ARMA International, a not-for-profit professional association for managing records and information, published a set of Generally Acceptable Recordkeeping Principles® (GARP) that describes how business records should be maintained. It also provides a recordkeeping and information governance framework with associated metrics. The first sentence of each principle is stated below.
- Principle of Accountability: An organization shall assign a senior executive to appropriate individuals, adopt policies and processes to guide staff, and ensure program auditability.
- Principle of Integrity: An information governance program shall be constructed so the records and information generated or managed by or for the organization have a reasonable and suitable guarantee of authenticity and reliability.

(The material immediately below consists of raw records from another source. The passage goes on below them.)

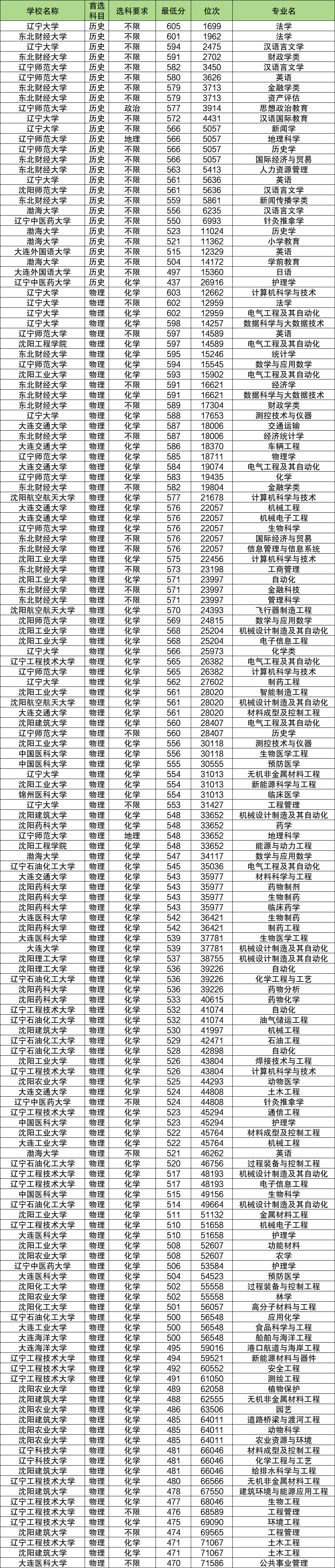 代表院校、专业及分数:沈阳航空航天大学(计算机科学与技术)577分、辽宁师范大学(计算机科学与技术)565分、锦州医科大学(临床医学)554分等。
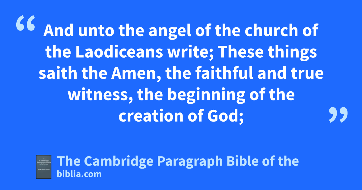 14 And unto bthe angel of the church * of the cLaodiceans write; These things saith the dAmen, ethe faithful and ftrue witness, gthe beginning of the creation of God; 15 hI know thy works, that thou art neither cold nor hot: iI would thou wert cold or hot. 16 So then because thou art lukewarm, and neither cold nor hot, I will spue thee out of my mouth. 17 Because thou sayest, kI am rich, and increased with goods, and have need of nothing; and knowest not that thou art wretched, and miserable, and poor, and blind, and naked: 18 I counsel thee lto buy of me mgold tried in the fire, that thou mayest be rich; and nwhite raiment, othat thou mayest be clothed, and that the shame of thy nakedness do not appear; and anoint thine eyes with eyesalve, that thou mayest see. 19 pAs many as qI love, I rebuke and chasten: rbe zealous therefore, and srepent. 20 Behold, I stand at the door, and tuknock: uif any man hear my voice, and open the door, vI will come in to him, and will sup with him, and he with me. 21 wTo him that overcometh will I grant xto sit with me in my throne, even as yI also overcame, and am set down with my Father in his throne. 22 zHe that hath an ear, let him hear what the Spirit saith unto the churches.
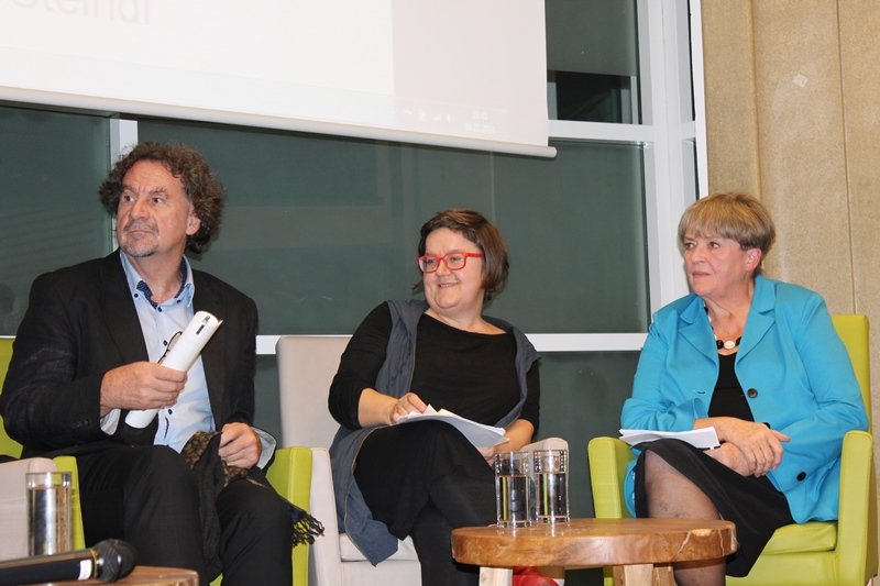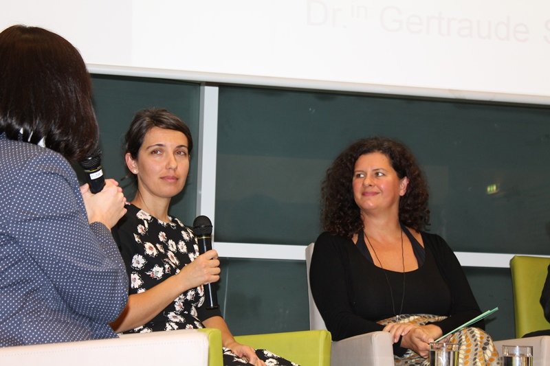 Dr.in Maria Katharina Moser, Theologin und Ethikerin, modierte die Podiumsdiskussion, an der sich Min.Rat Dr. Ewald Filler, Leiter der Abteilung Familienrechtspolitik & Kinderrechte des Bundesministeriums für Familie und Jugend, Desislava Dudjunova, ehemalige Bewohnerin und Kindergruppenbegleiterin, Astrid Juraske, stellv. Leiterin CS Haus für Mutter und Kind, FH-Prof.in Dr.in Michaela Moser Sozialexpertin der Armutskonferenz und Dr.in Getraude Steindl von der Aktion Leben beteiligten.

- Principle of Protection: An information governance program shall be constructed to ensure a reasonable level of protection to information that is personal or that otherwise requires protection.
- Principle of Compliance: An information governance program shall be constructed to comply with applicable laws and other binding authorities, as well as the organization’s policies.
- Principle of Availability: An organization shall maintain its information in a manner that ensures timely, efficient, and accurate retrieval of its information.
- Principle of Retention: An organization shall retain its information for an appropriate time, taking into account all operational, legal, regulatory and fiscal requirements, and those of all relevant binding authorities.
- Principle of Disposition: An organization shall provide secure and appropriate disposition of information in accordance with its policies, and, applicable laws, regulations and other binding authorities.
- Principle of Transparency: An organization shall document its policies, processes and activities, including its information governance program, in a manner that is available to and understood by staff and appropriate interested parties.